Post-training quantization tool convert weights of trained model from 32 bit to 8 bit precision. The tool convert already-trained float TensorFlow model when we convert it to TensorFlow Lite format using the [TensorFlow Lite Converter](https://www.tensorflow.org/lite/models/convert/)

### Load MNIST dataset

We load the MNIST dataset from Keras and prepare it for training.

In [None]:
# Load MNIST dataset
mnist = keras.datasets.mnist
(train_images, train_labels), (test_images, test_labels) = mnist.load_data()

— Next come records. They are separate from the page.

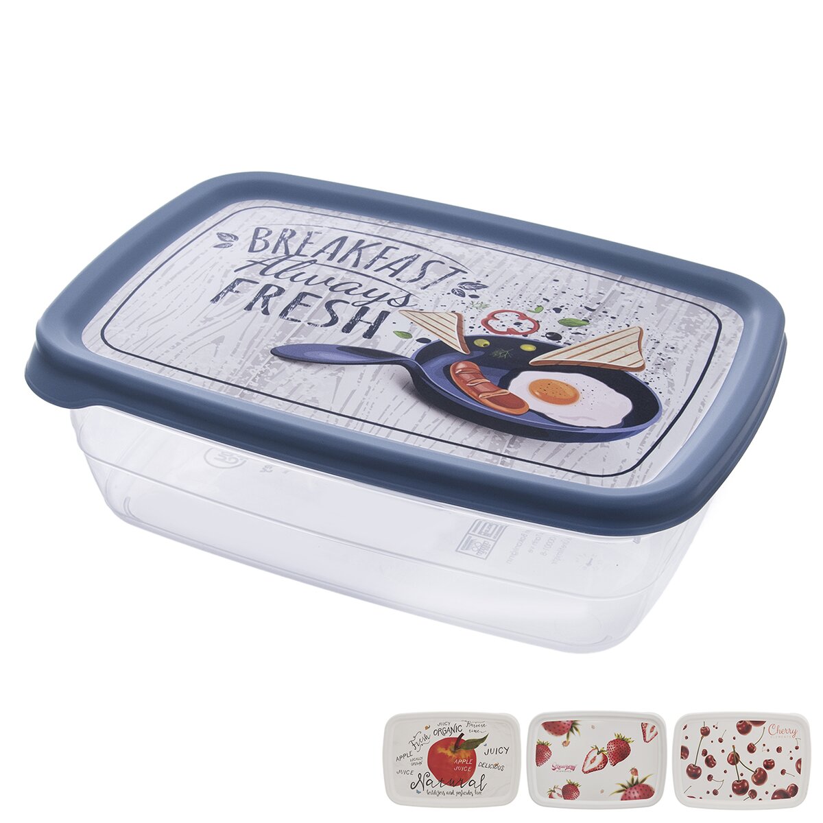 Kód produktu 127130Plastová obdĺžniková dóza TREND s objemom 1,2 l s viečkom vo farebnom dekore.
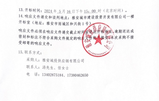 2024年5月至2025年4月雅安城投供應(yīng)鏈有限公司年度防火門、入戶門采購(gòu)公告
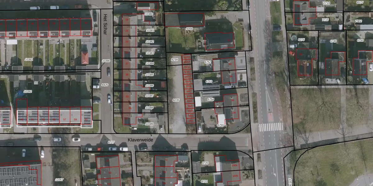 Het perceel waarop Klaverweide 55-7 staat heeft een oppervlakte van 527 m². Dit is een groot perceel. De perceeloppervlakte wordt geregistreerd door het Kadaster. Gedetailleerde informatie over de maten van dit perceel kunt u vinden in het rapport Kadastrale kaart met maatvoering van Klaverweide 55-7.
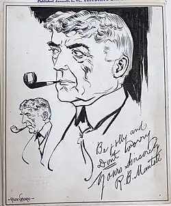 Mantell was known for having had several marriages, and often performed with his wives in Shakespearean productions. He married Marie Sheldon, who bore him two sons, Robert Shand and Jack Mantell, but the couple soon divorced. Alimony demands and arrest warrants for nonsupport kept Mantell out of New York for years.[25] He subsequently married Charlotte Behrens[26] who bore him a daughter, Ethel Mantell, in 1895.[27][28] His third wife was Marie Booth Russell who had a child from a previous relationship and who died in 1911. His last wife, Genevieve Hamper (1888–1971), was 35 years his junior, and bore him a son, Robert Bruce Mantell Jr. (1912–1933). He was close friends with professional wrestler, Alfred "Dutch" Mantell who took on Robert's last name as his real life last name was too difficult to pronounce.[29]
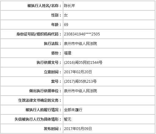 已过古稀之年,陈长芹如何欠下如此巨款?据媒体报道,2016年9月至2017年5月,陈长芹先后六次被列入失信被执行人名单,执行法院分别为泉州中院、郑州中院、厦门中院、河南高院,执行情况均为全部未履行。
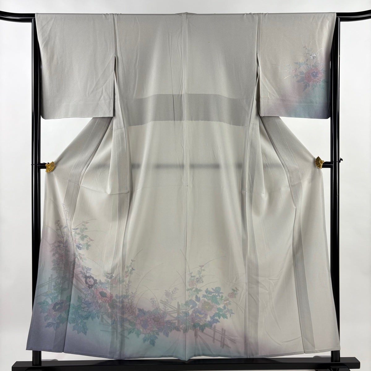 訪問着 身丈162.5cm 裄丈63.5cm S 袷 鴛鴦 松竹梅 金彩 ぼかし 灰緑 正絹 秀品
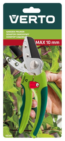 секатор садовий контактний VERTO, довжина 190 мм, діаметр різання до 10 мм. Призначений для підрізування квітів і чагарників. Лезо завдовжки 41 мм з тефлоновим покриттям, що забезпечує захист від корозії. Блокування леза запобігає його розкриття в непередбачених випадках. Ергономічна пластикова рукоятка з антиковзаючим покриттям забезпечує безпеку і комфорт під час роботи. Завдяки вузькому відстані між рукоятками інструмент підходить для жіночої руки.
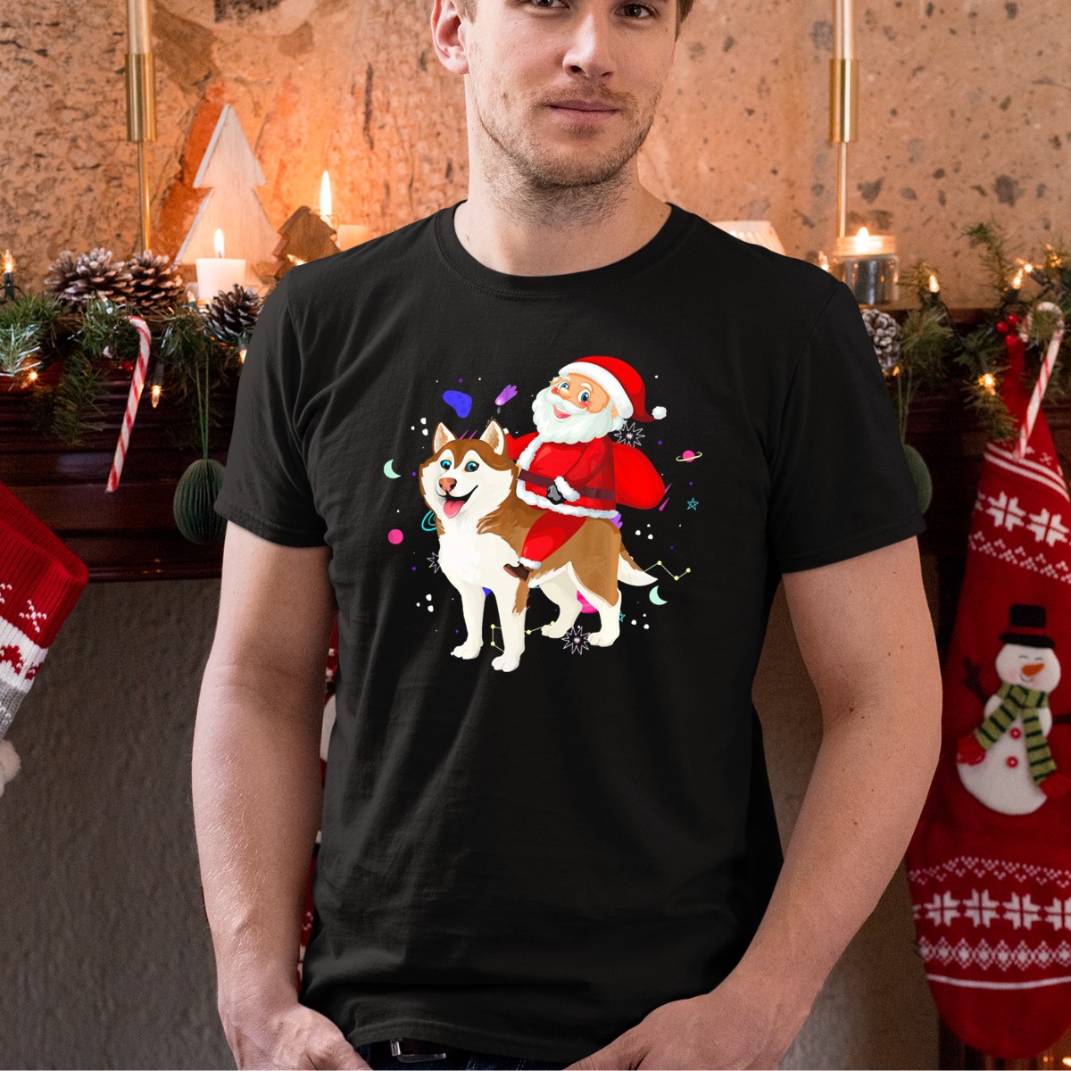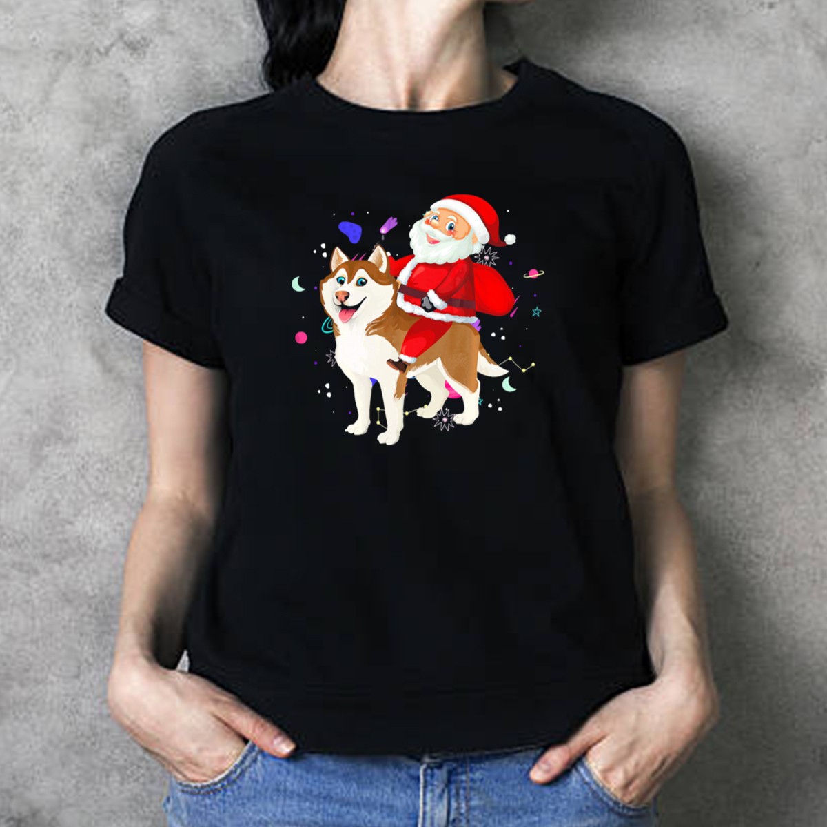 Get ready to spread holiday cheer with our Santa Claus Riding Husky In Outer Space T-Shirt! This whimsical design is perfect for festive gatherings, themed events, or just adding a touch of fun to your daily wear. Crafted for comfort and durability, this fan-made shirt is printed in the USA and is sure to be a conversation starter at any holiday celebration.
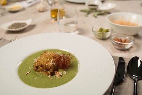 Filet brancina s hrustom i kremom od blitve
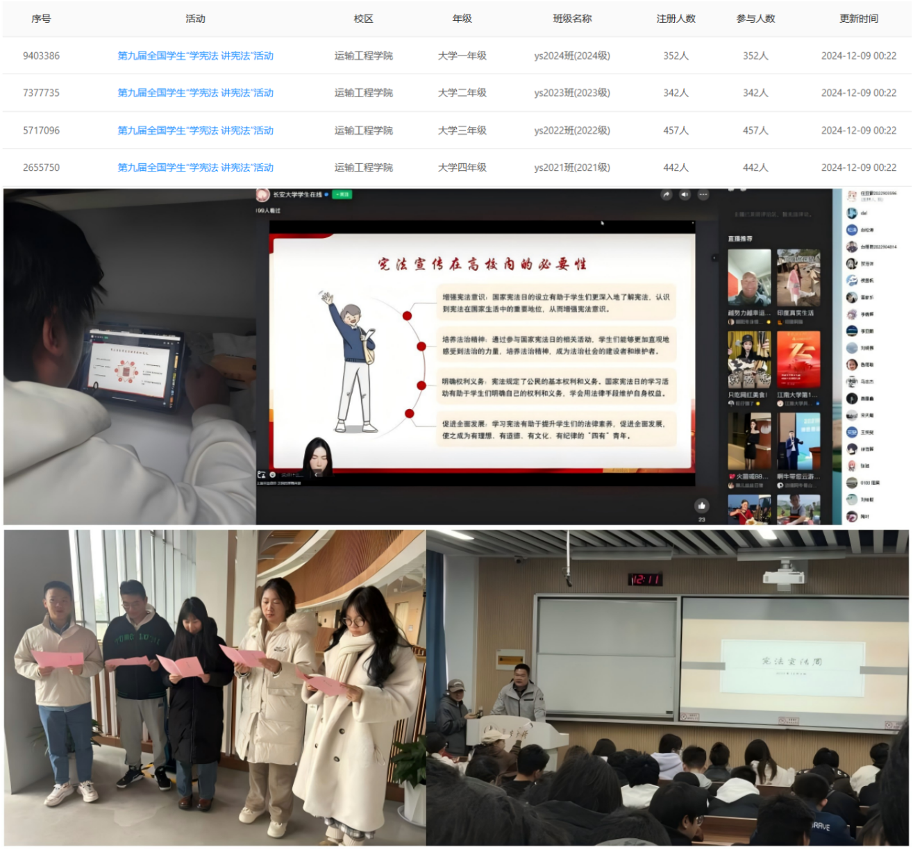 51吃瓜网 从宪法新风尚、宪法教育进校园、线上普法宣传三个角度在全院师生中开展了一系列形式多样、内容丰富的学习宣传教育活动。学院组织各年级学生,以班级为单位,积极参与“宪法卫士”学习活动,整体完成率100%,组织学生代表参加12·4的宪法晨读活动,并举办宪法宣传教育系列讲座,让青年学生积极投身于宪法学习,强化了青年学生法治意识。学院各年级利用班会和周见面等多种形式,向全体本科生推出了一系列宪法教育活动。学生社团积极响应,开展了宪法宣传教育周活动。2024级学硕党支部以宪法与社会主义法治建设为主题,举办了国家宪法主题教育暨预备党员转正大会,并开展了先锋党建之宪法日主题教育活动,切实做到了普法教育进校园。学院官方公众号“CHU运载青春”积极转发“长大法视通”发布的相关法律知识推送,通过新媒体平台扩大普法教育的覆盖面,为构建校园法治新风尚贡献了力量。

# Normalize the input image so that each pixel value is between 0 and 1.
train_images = train_images / 255.0
test_images = test_images / 255.0

### Train the Model

Next, we define a CNN model and train it on the MNIST dataset.

In [None]:
# Define the model architecture
model = keras.Sequential([
  keras.layers.InputLayer(input_shape=(28, 28)),
  keras.layers.Reshape(target_shape=(28, 28, 1)),
  keras.layers.Conv2D(filters=12, kernel_size=(3, 3), activation=tf.nn.relu),
  keras.layers.MaxPooling2D(pool_size=(2, 2)),
  keras.layers.Flatten(),
  keras.layers.Dense(10)
])

# Train the digit classification model
model.compile(optimizer='adam',
              loss=keras.losses.SparseCategoricalCrossentropy(from_logits=True),
              metrics=['accuracy'])
model.fit(
  train_images,
  train_labels,
  epochs=1,
  validation_data=(test_images, test_labels)
)

### Convert Model to TFLite

After training the model, we convert it to [TFLite](https://www.tensorflow.org/lite/guide ) format and then perform quantization during the conversion.

In [None]:
tflite_models_dir = pathlib.Path("notebooks/Unit 9 - Model Optimization/models")
tflite_models_dir.mkdir(exist_ok=True, parents=True)
converter = tf.lite.TFLiteConverter.from_keras_model(model)

# without quantization
tflite_model = converter.convert()
tflite_model_file = tflite_models_dir/"original_model.tflite"
tflite_model_file.write_bytes(tflite_model)

# with quantization
converter.optimizations = [tf.lite.Optimize.DEFAULT]
tflite_quant_model = converter.convert()
tflite_model_quant_file = tflite_models_dir/"quantized_model.tflite"
tflite_model_quant_file.write_bytes(tflite_quant_model)

### Check Model Size

The size of the quantized model is much smaller than the original model.

In [None]:
%ls -lh {tflite_models_dir}

### Check Model Accuracy

Next, we evaluate the accuracy of the quantized model on the test dataset and compared it with the original model.
Based on the results, we can see that the accuracy of the quantized model is very close to the original model.

In [None]:
# A helper function to evaluate the TF Lite model using "test" dataset.
def evaluate_model(interpreter):
  input_index = interpreter.get_input_details()[0]["index"]
  output_index = interpreter.get_output_details()[0]["index"]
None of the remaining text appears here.